À l’automne de 1896, c’est encore à Proulx, ainsi qu’à Gustave-Adolphe Drolet, ancien zouave pontifical, que fait appel Wilfrid Laurier pour défendre auprès du Vatican le bien-fondé du règlement qu’il négocie avec le gouvernement de Thomas Greenway sur la question des écoles du Manitoba. Laurier, qui vient d’être élu premier ministre du Canada, craint la réaction des évêques catholiques du Québec, lui qui a retardé, quand il était chef de l’opposition, l’adoption de la loi réparatrice qui aurait amené le Manitoba à rétablir le double système d’enseignement public confessionnel, en arguant que la question des écoles devait d’abord faire l’objet d’une enquête et qu’il fallait s’assurer que tous les moyens de conciliation avaient été épuisés. Armé de ses Documents pour servir à l’intelligence de la question des écoles du Manitoba […], publié à Rome en 1896, Proulx dénonce l’intervention du clergé dans les dernières élections [V. Louis-François Laflèche], insiste sur le fait que le règlement est approuvé par la population en général et demande l’envoi d’un délégué apostolique pour juger de la situation.
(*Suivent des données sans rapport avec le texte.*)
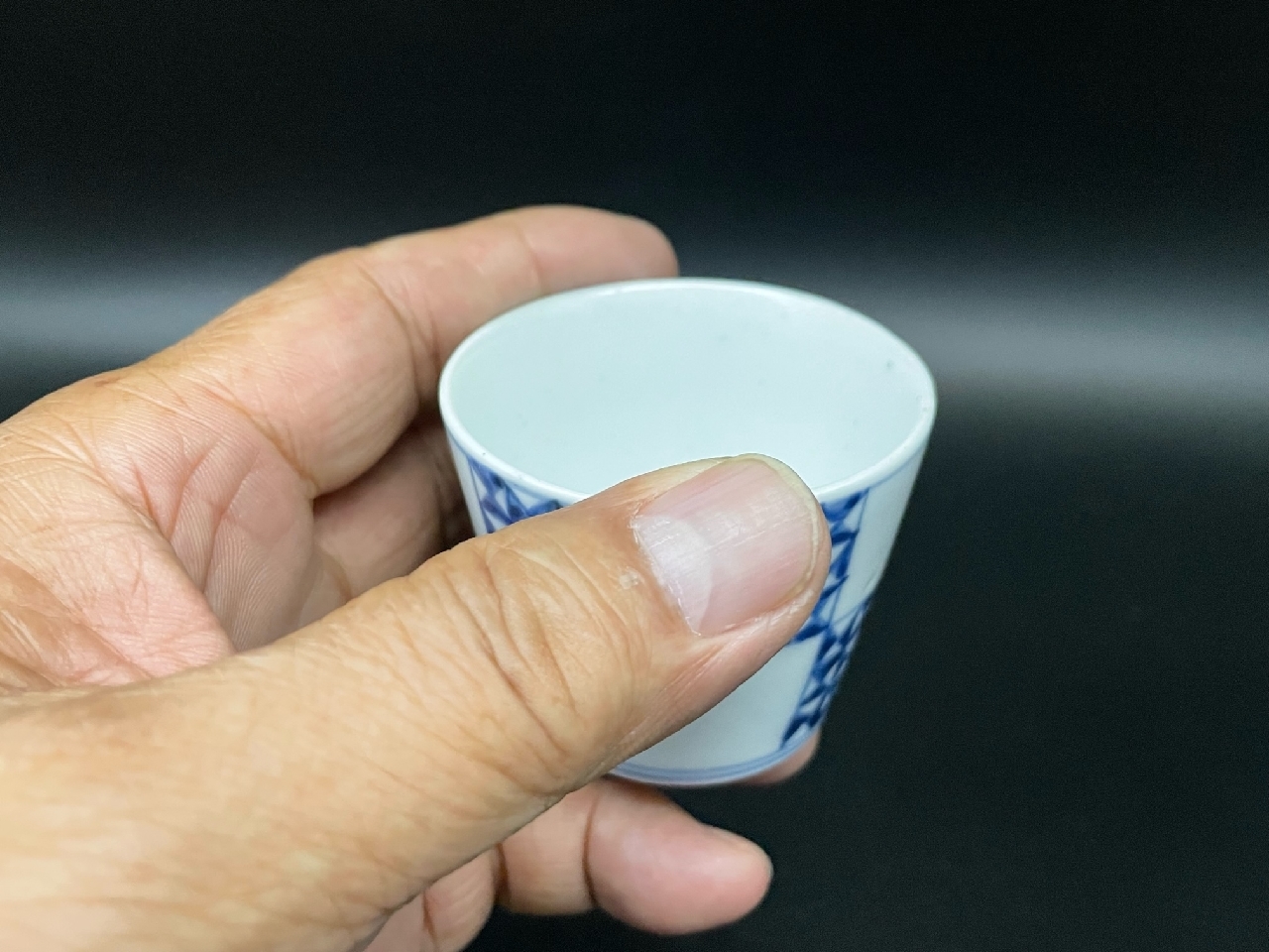 ご売約 23)古伊万里 市松鱗文蕎麦猪口

Même si la hiérarchie catholique du Québec dépêche aussi ses représentants pour contrecarrer l’action des deux délégués de Laurier, Rome se rendra finalement à la suggestion d’envoyer un délégué apostolique, en la personne de Mgr Rafael Merry del Val.
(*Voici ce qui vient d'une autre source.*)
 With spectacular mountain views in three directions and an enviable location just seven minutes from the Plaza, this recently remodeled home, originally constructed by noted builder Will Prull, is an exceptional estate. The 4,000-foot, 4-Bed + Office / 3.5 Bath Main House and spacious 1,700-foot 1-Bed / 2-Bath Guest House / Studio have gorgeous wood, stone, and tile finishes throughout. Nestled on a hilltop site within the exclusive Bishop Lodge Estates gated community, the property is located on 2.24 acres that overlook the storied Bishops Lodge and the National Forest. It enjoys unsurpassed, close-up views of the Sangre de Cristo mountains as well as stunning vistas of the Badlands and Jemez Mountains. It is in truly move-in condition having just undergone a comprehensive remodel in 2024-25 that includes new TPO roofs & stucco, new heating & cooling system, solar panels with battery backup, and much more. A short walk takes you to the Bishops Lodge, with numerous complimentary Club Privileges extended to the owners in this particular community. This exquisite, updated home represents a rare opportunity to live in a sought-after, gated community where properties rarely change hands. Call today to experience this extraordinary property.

Dans sa dernière relation de voyage (Dans la ville éternelle […] (Montréal, 1897), usé par ses multiples travaux et missions, Jean-Baptiste Proulx se décrit ainsi : « 5 pieds et 6 pouces, gros, replet, cheveux grisonnants, frisés, yeux pochés, nez long, se faisant vieux ». Comme le soulignent ses chroniqueurs, entre autres l’abbé Élie-Joseph-Arthur Auclair, ce travailleur infatigable, ce « prêtre à l’esprit clair et au cœur généreux […] est de ceux que l’histoire ne peut, ni toujours, ni longtemps, ignorer tout à fait. Il a trop travaillé – il y a usé sa vie et il en est mort relativement jeune encore – à ce qu’il croyait être le bien et le progrès de sa race pour qu’on persiste à le tenir dans un oubli, que le besoin d’apaisement a pu d’abord expliquer jusqu’à un certain point, mais qui, à la longue, deviendrait injuste et même cruel. »
Gilles Dorion
Ref. : Gilles Dorion, « PROULX, JEAN-BAPTISTE (1846-1904) », dans Dictionnaire biographique du Canada, vol. 13, Université Laval/University of Toronto, 2003– , consulté le 13 févr. 2014, – http://www.biographi.ca/fr/bio/proulx_jean_baptiste_1846_1904_13F.html.
P.S. Une rue à Longueuil porte le nom PROULX en souvenir de ce prêtre.